The Humanity of Jesús
By Ellen Maccarone, Ph.D.
Associate Professor of Philosophy and Faculty Adviser to the President
I’ve been teaching, researching and writing about philosophy for 20 years. Spending seven short days at the border has changed me in a way that will most certainly impact the future of my academic work.
On January 3, 2020, I checked the Spokane weather report to determine whether I should park my car in the airport garage. I did not want to be shoveling out my car at the airport on my return from Mexico. Who would? A trip to Mexico in January conjures images of tropical-like vacations, but I had to dispel this idea among the many people I’d told of my Christmas break plans. I wasn’t going to a Mexican beach, I was spending a week at the border – the hotseat of humanitarian and political controversy.
I was a bit trepidatious about my week-long immersion as part of the Association of Jesuit Colleges and Universities leadership endeavor, the Ignatian Colleagues Program. But now that I have gone and come back, I wouldn’t trade it for anything. Because when I returned after one short week, I was a different person. The experience changed me in a much more profound way than any beach vacation ever could.
When I arrived in Tucson before heading south to Nogales with a group of other Jesuit college and university administrators, I knew that this trip would test me. We all knew we had to support to one another, because other interactions were going to be hard.
Saturday was our first day crossing into Mexico to meet with migrants at Kino Border Initiative (KBI) in Nogales, Sonora. KBI is sponsored in part by the Jesuit West Province, which also sponsors Gonzaga. The human interactions, the witnessing of pain and suffering that I had worried about, while often sad and hard, turned out to be the most rewarding part of my immersion. The people I met and the stories we shared were moments of great humanity in the face of terrible inhumanity.
I don’t speak Spanish. I had been practicing on Duolingo for six months, so I knew just enough to talk to the under-6 set, to frustrate the seven- to 12-year-olds and to need a translator for everyone else. Our group leader was constantly listening to hear anyone who might speak English who could talk with us, and he translated for the rest.

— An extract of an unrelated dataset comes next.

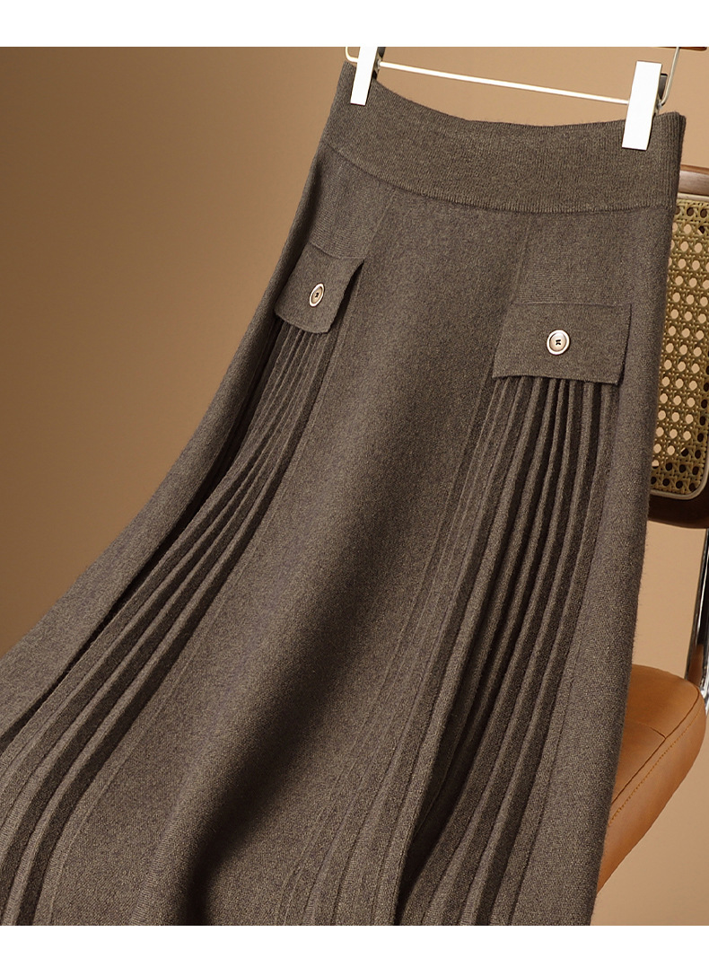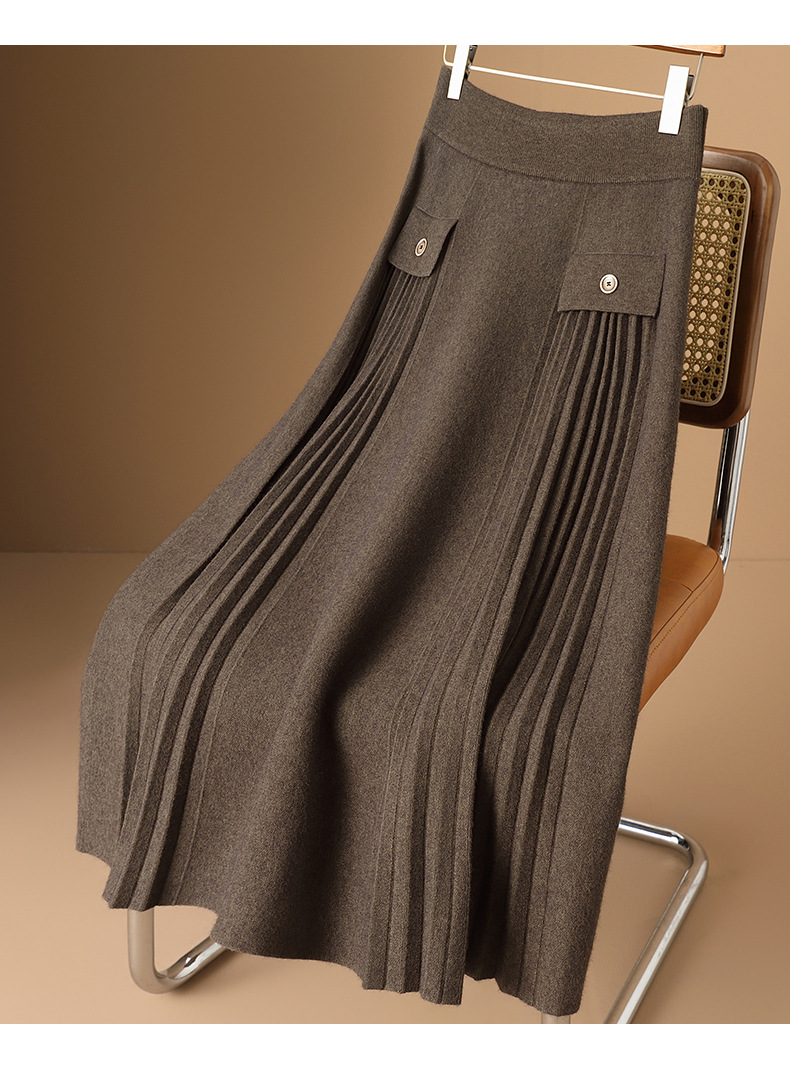 高品質のアセテート混紡カシミヤスカート、上品で着痩せ効果があり、どんなスタイルにも合うAラインの秋冬ミディ丈スカート、ドレープ感あり
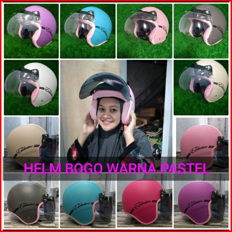Helm Bogo Warna Pastel Size Dewasa Kaca Cembung Dan Datar. Beli 19 Gratis 1

And that’s how I came to meet Jesús.* His is the story that touched me mostly deeply. He trusted me with his story and now I trust all of you. Jesús was waiting in the long line at KBI when our group leader heard him speaking English and found out that before he was deported, he had lived in Spokane. Yes, our Spokane.
Our group leader came to find me, urging me to go outside right then, and introduced me to Jesús.
Jesús and I talked all afternoon. He told me his heartbreaking story of living legally in Spokane (where his ex-wife and children still live), getting deported to Juárez, being kidnapped and forced to work for the cartel, disobeying them, enduring punishment and being left for dead in the desert, and finally making it to Nogales after weeks in the hospital to try to seek asylum and be re-united with his children.
Jesús said he felt his “humanity slipping away” as he was being forced to work for the cartel, task after terrible task. Then he met meet a 7-year-old girl who the cartel would rather have had dead, and he drove her and her mother to safety rather than let them be killed. When I commented that he saved their lives, he told me that the girl had saved his, because she had reawakened in him his own humanity.
I saw Jesús again just one more time at KBI. Through knowing him and his trusting me with his story, I felt my ability to be empathetic and compassionate expand. My humanity is now bound up in his even if I never see him again. I feel his prayers for me as I hope he does of mine for him.
* His name has been changed to protect his identity.